The utilities of patients with T2DM and CKD were obtained from the cost-effectiveness study of Thai diabetics [17], which reported the impact of worsening CKD stages on the quality of life of patients with T2DM. Other utilities were based on published studies conducted in other countries as a result of a paucity of utility data for the Thai DM population. All utility values are shown in Table 2.

Table 2.

Cost and utility inputs

Item	Value	Range	References
Costs
Heart failure (per event)
Heart failure hospitalization	88,313	70,650–105,976	Deerochanawong [20]
Diabetes (per year)
Diabetes treatment	21,240	16,992–25,488	Riewpaiboon [21]

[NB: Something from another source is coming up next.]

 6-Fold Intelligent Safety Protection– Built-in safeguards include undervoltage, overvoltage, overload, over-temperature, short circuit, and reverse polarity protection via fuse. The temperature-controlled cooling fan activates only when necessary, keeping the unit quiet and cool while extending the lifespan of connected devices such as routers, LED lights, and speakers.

Chronic kidney disease (per year)
Predialysis	85,478	68,382–102,573	Deerochanawong [20]
Dialysis set up	32,681^a	26,145–39,217	Teerawattananon [22]

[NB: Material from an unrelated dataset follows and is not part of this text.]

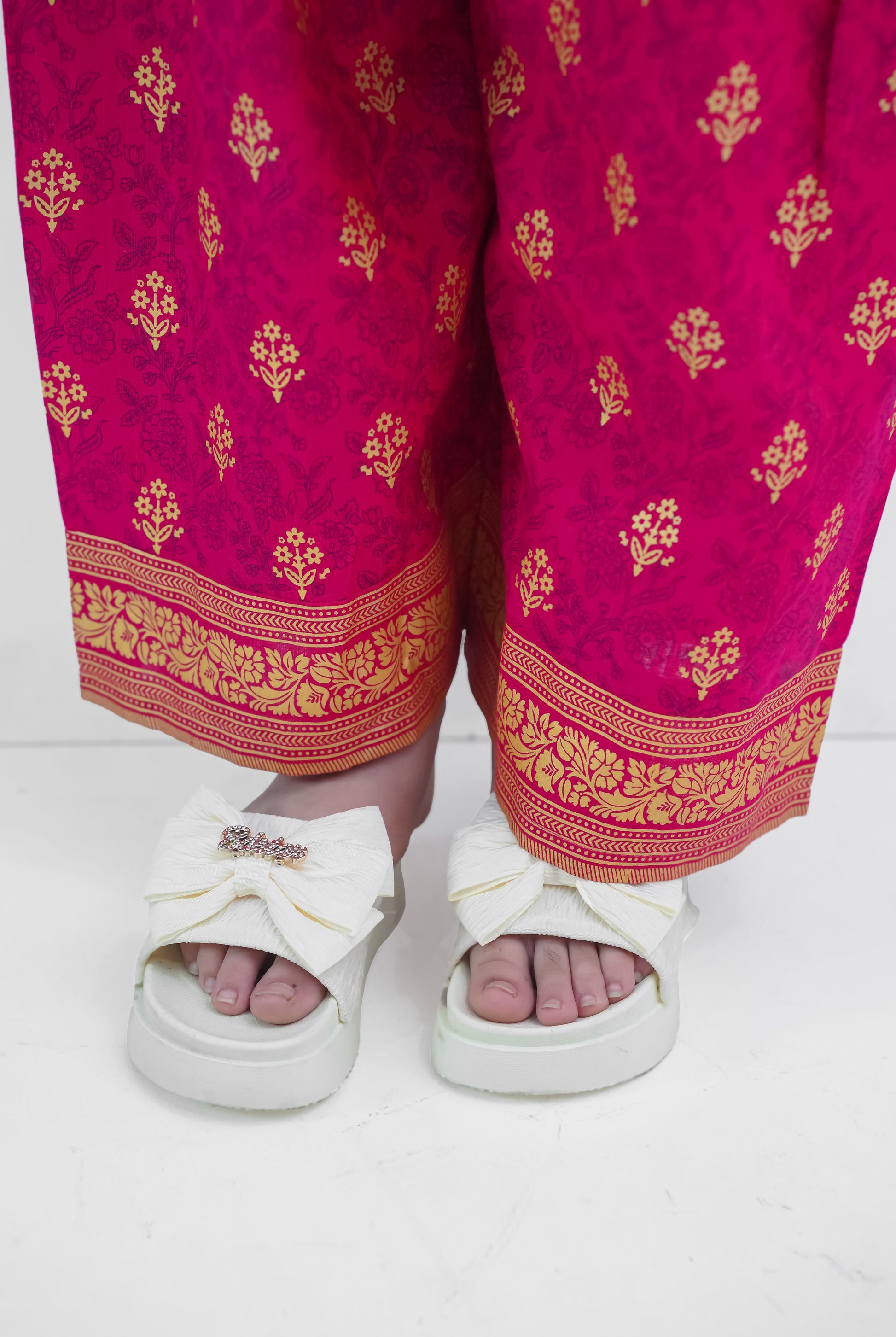 This elegant handmade girls' kurta set from our Winter Collection blends warmth with style. Crafted in a rich magenta tone, the kurta features detailed golden embroidery on the neckline and sleeves, paired with wide-leg embroidered trousers for a traditional yet comfortable fit. Made with care, this outfit is perfect for festive gatherings, family occasions, and winter celebrations.

Dialysis	557,623	446,098–669,147	Teerawattananon [22]
Transplantation	379,021	303,217–454,826	NHSO [23]
Follow-up after transplantation (first 2 years)	47,500	38,000–57,000
Follow-up after transplantation (third year and onward)	15,000	12,000–18,000
Drug (per year)
Dapagliflozin	14,638	11,710–17,565	DMSIC [24]
Adverse events^b (per event)
Major hypoglycemic event	51,607	2346–100,867	Siriraj hospital database [25]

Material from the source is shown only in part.